At 6/16/2007 12:09:00 AM, Blogger Dr. Malcolm C. Harris, Sr. said...

The bureaucracy can drag its heels when it wants to. There was a delay of a number of months for Deus Caritas Est because the underlings saw it as a lesser priority than the bishop of Rome to translate it.

 
At 6/18/2007 07:09:00 AM, Anonymous sadie vacantist said...

Hat

you analysis makes sense although I am not sure if Benedict is being as forceful with the bishops as you suggest.

Here in the UK, I predict opposition to the move (easier to organise in England than in the States because there are less of them). Our local "neo-con" bishops has just spent $4 million on yet another N.O. reordering of his cathedral. His decision to place his cathedra where a high altar might have been is a clear statement of intent.

I know that the SSPX believe that the motu proprio will ultimately be toothless and in France, for example, the bishops are also bitterly opposed.
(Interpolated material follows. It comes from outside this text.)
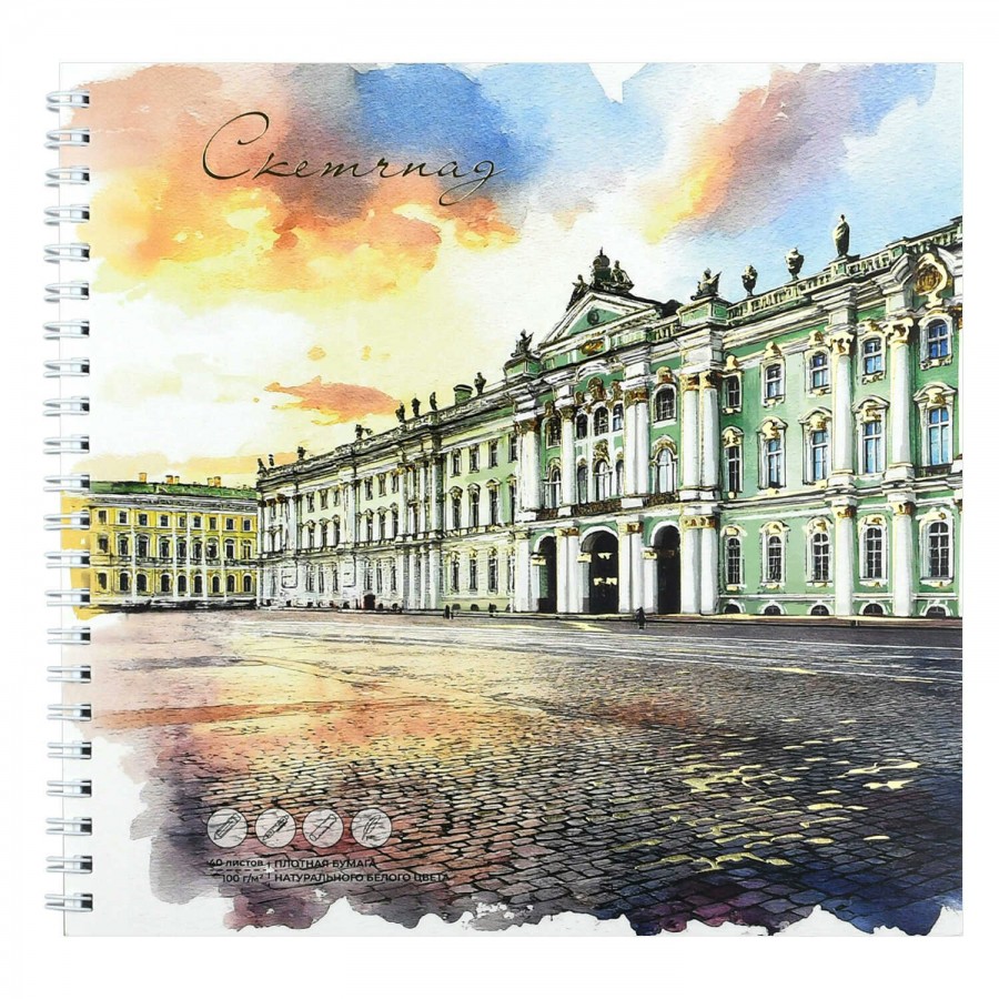 Альбом для рисования (Скетчпад) 195х195 мм, 40 л, блок - белый офсет 100 г/м2, арт. 72624 ЭРМИТАЖ /обложка полноцветная печать, гребень по короткой стороне, тиснение фольгой/

I suspect that the delays are bing caused because the HF is trying to aviod fudge. I would suggest that he is struggling to avoid such an outcome and is under enormous pressure as a result.

 
At 6/18/2007 04:17:00 PM, Blogger Paul, just this guy, you know? said...

I certainly agree that "believe it when I see it" is a proper attitude after all we've seen.

I also have a keen curiousity about the details of the actual statement and the consequences of its release, without any real advance idea of what either will prove to be.

I suppose your theory makes as much sense as any I've heard, but like the rest, I take it with a large grain of salt.